"E, no entanto, amamos... - por Ricardo Rocha Aguieiras

Por Ricardo Rocha Aguieiras




"E, no entanto, amamos...


Como é difícil amar, né? Triste perceber que a grande maioria das pessoas vai morrer sem saber o que é amar. E, para os gays, é muito mais difícil, pelo óbvio preconceito e cerceamentos. Mas, no entanto, amamos. Aliás, já falei muito que a Luta Gay é a única revolução que é por amor. A única. Pelo direito de amar. Nenhuma outra luta, no mundo, se equipara à nossa, nesse quesito. E, também no entanto, nos negam, e tornam a negar, há infinitas desculpas e justificativas para impedirem tão forte e bela revolução.

Por isso, considero parceiros gays que se unem pelo amor verdadeiros heróis, enfrentam o mundo do contra, caminhamos na contramão e em tuneis escuros, onde não há luz no fim, pois a luz somos nós, gays. Gays que amam.

No passado recente era ainda mais difícil. Quantos dramas horríveis vimos com questões de herança em famílias onde existia um gay com companheiro, um deles morria e lá estava o egoísmo familiar, contrário do amor, exigindo todos os bens e deixando o companheiro de anos e anos na míngua , após a morte desse gay . Não importava se tinham adquirido bens juntos, o gay perdia tudo e, pelo preconceito e medo da exposição preferia sumir e se calar. Para as famílias só valiam os bens materiais deixados, nunca validaram o amor gay. Queriam tudo, independente de terem expulsado esse gay no passado.

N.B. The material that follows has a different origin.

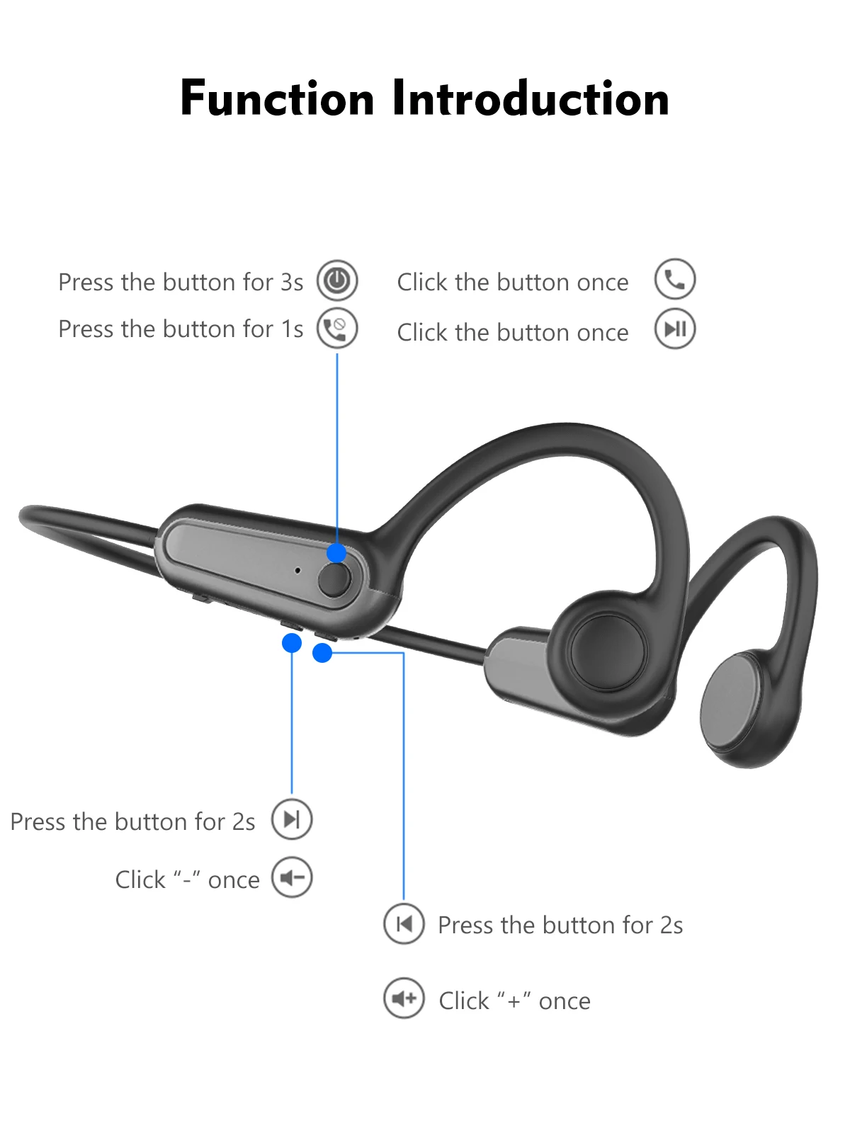 【OPEN EAR DESIGN】- Bone conducting headphones adopt Open-ear technology, which transfers sound through the cheekbone to keep you more attention on the surroundings

Hoje, ainda acontece, mas a Justiça, ainda bem, tem se posicionado em nosso favor na maioria dos casos.

Lembro-me do poeta Reinaldo Bayrão, companheiro de décadas do militante gay, escritor e artista plástico Darcy Penteado, uma das primeiras vítimas da Aids no Brasil. Darcy sempre foi rico. Retratou princesas e artistas da Hollywood de sua época. Seu apartamento numa cobertura na rua Teixeira da Silva, no bairro Jardins, em Sampa, era enorme e uma verdadeira festa lúdica, cheio de túneis com suas obras, lá os dois viviam em felicidade. Tive o privilégio de conhecer, tanto o espaço como os grandes seres que eram, Darcy e Reinaldo. Após a morte de Darcy, a família ficou com tudo e o Reinaldo foi para a rua. Durante alguns anos eu ainda o via, sempre bêbado, numa sauna gay que existe até hoje, a Termas Le Rouge 80. Sempre procuramos acolhimento nesses espaços que os outros, não gays, condenam com, novamente, um monte de “argumentos” e negam o preconceito, negam a homofobia, negam a gayfobia. Não fica bem na foto a verdade da alma.

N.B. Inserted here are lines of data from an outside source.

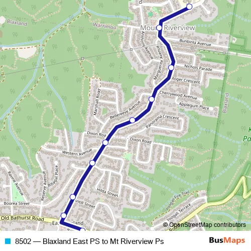 The first stop of the 8502 bus route is Blaxland East Public School, Old Bathurst Rd and the last stop is Mt Riverview Public School, Rusden Rd. 8502 (Blaxland East PS to Mt Riverview Ps) is operational during on weekdays.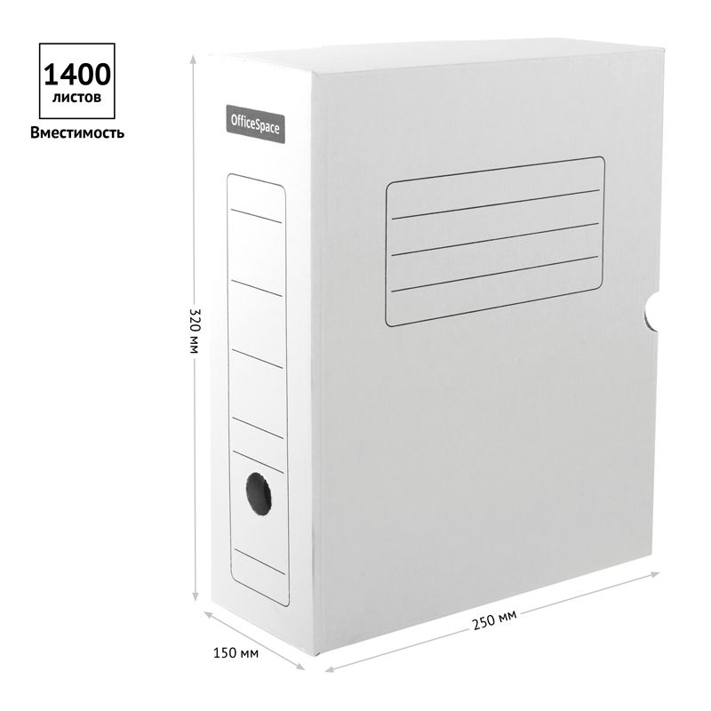 Короб архивный с клапаном OfficeSpace, микрогофрокартон, 150мм, белый, до 1400л.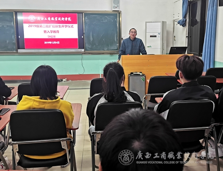 2019年12月4日19時,財信系在中堯校區(qū)工會樓302教室,組織2019級高職擴招二階段新生參加新生開學(xué)儀式暨入學(xué)教育。學(xué)院學(xué)工部副部長林雯、財信系主任蘇波、財信系學(xué)工副主任譚序光、財信系教學(xué)秘書呂周及財信系高職擴招二階段19名新生參加了開學(xué)儀式。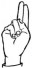 На ћирилици написано ИРЕНА ШВРАКА састоји се из 11 слова [?]. Исписано ћириличном једноручном азбуком за глувонеме:

Um dia, Reinaldo me disse: “eu sou homem de um homem só, de um homem só”. Eu sabia que ele se referia ao Darcy. Pouco depois, Reinaldo se matou.

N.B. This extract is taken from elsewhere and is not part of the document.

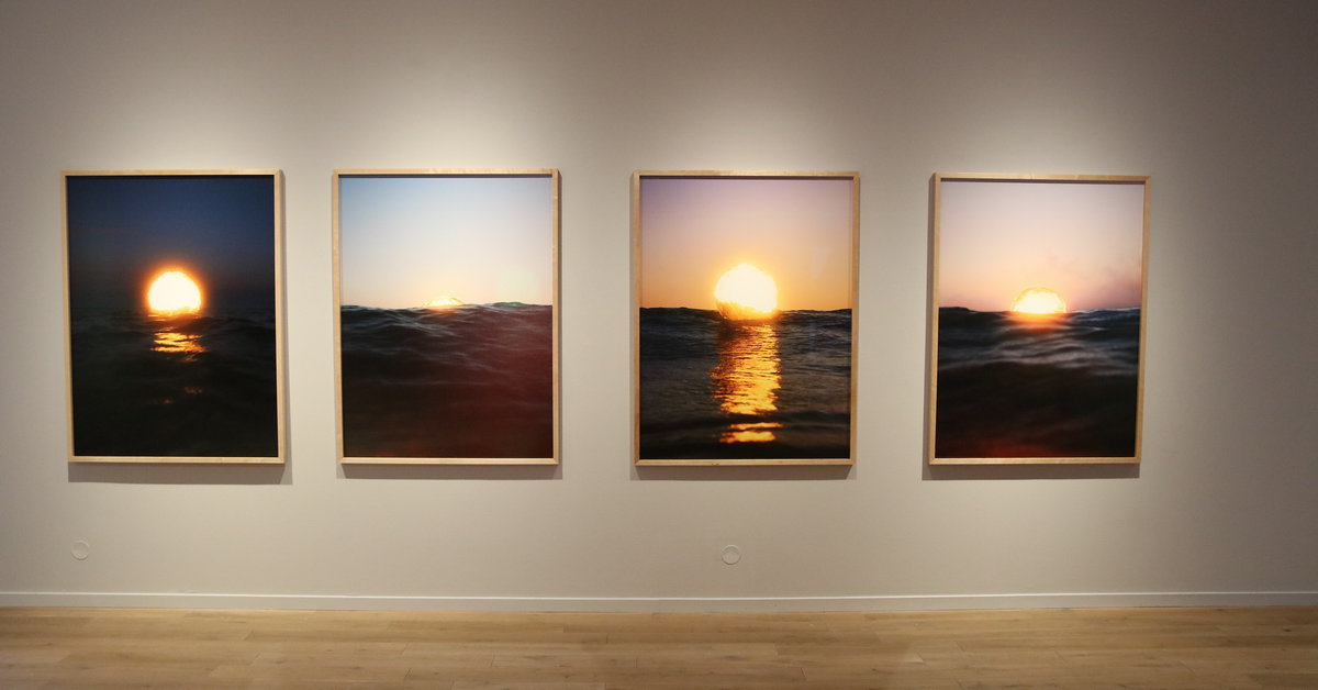 En serie här visar liksom den stora skärmen ett klassiskt naturmotiv. Solnedgång vid havet. Åtminstone ser det vid första anblicken ut så. Men det som ser så naturligt ut är även här konst-gjort. Det som ser ut som den glödande solen får vi veta är ett klot täckt med ett starkt reflekterande material som gör att kamerabilden ser det som ett likt solen flammande klot. Kameran ser nåt annat än ögat. Men skenet bedrar alltså. En känner sig som Bob Dylan sjunger: ”All he believes are his eyes, but his eyes are telling him lies.”

E, no entanto, amamos. Quem sabe sentir, quem lê nas entrelinhas da vida e nas entrelinhas dos aplicativos de paquera gay, quem enxerga o fundo dos pixels de uma selfie, percebe o amor, ali, brotando mesmo em meio ao desespero e ao medo. Fortes que somos, nós, gays, pulamos esses obstáculos melhor que cavalo de corrida lá no Jóquei Clube, tudo para nos deparar com o escondido amor que há no olhar de outro gay. Ele , o amor, existe! Um dia, irão entender. E faremos outra revolução e outra ainda e mais outra. Sempre pelo amor. Cupidos também flecham Triângulos Rosa."